Stored items from a collection
- Opening Delimiter -
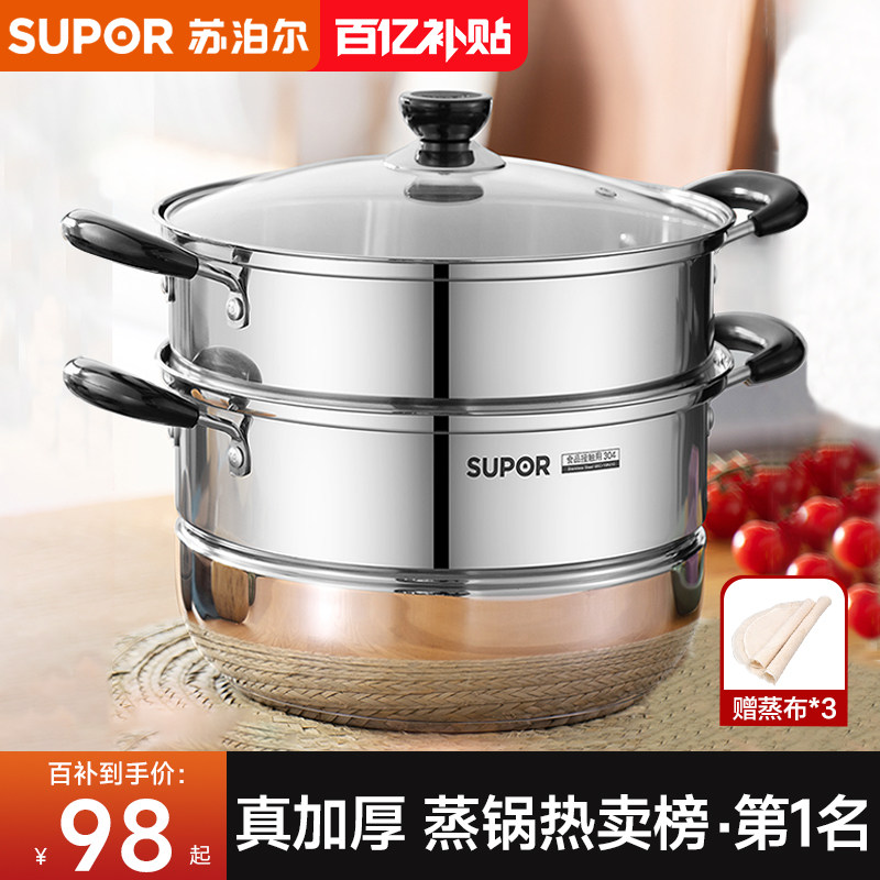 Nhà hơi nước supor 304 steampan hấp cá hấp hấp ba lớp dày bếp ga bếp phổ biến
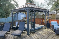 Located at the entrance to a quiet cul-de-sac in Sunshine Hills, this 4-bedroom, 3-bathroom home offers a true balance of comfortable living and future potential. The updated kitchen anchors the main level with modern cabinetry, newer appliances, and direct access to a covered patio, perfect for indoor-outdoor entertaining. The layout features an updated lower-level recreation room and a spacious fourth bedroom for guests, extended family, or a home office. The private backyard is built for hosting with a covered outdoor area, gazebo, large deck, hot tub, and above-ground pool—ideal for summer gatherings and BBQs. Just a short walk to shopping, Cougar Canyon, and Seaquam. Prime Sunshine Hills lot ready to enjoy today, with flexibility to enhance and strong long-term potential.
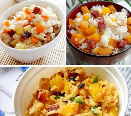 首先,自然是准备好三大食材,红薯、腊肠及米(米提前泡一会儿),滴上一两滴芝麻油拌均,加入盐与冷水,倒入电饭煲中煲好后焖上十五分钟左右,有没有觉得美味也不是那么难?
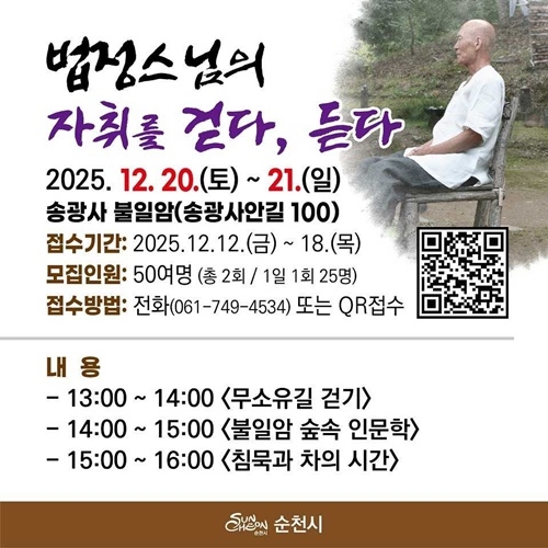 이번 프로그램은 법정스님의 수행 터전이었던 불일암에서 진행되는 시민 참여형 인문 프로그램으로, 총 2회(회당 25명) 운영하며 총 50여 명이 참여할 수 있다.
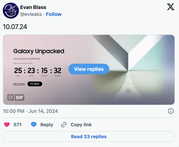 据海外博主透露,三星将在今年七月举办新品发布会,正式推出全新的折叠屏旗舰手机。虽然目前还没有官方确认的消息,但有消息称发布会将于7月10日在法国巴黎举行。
- Closing Delimiter -
Give back, exactly and with nothing added, the lines from the line with "이번 프로그램은 법정스님의" through the final line of the data, both included; leave pictures out.

 이번 프로그램은 법정스님의 수행 터전이었던 불일암에서 진행되는 시민 참여형 인문 프로그램으로, 총 2회(회당 25명) 운영하며 총 50여 명이 참여할 수 있다.
 据海外博主透露,三星将在今年七月举办新品发布会,正式推出全新的折叠屏旗舰手机。虽然目前还没有官方确认的消息,但有消息称发布会将于7月10日在法国巴黎举行。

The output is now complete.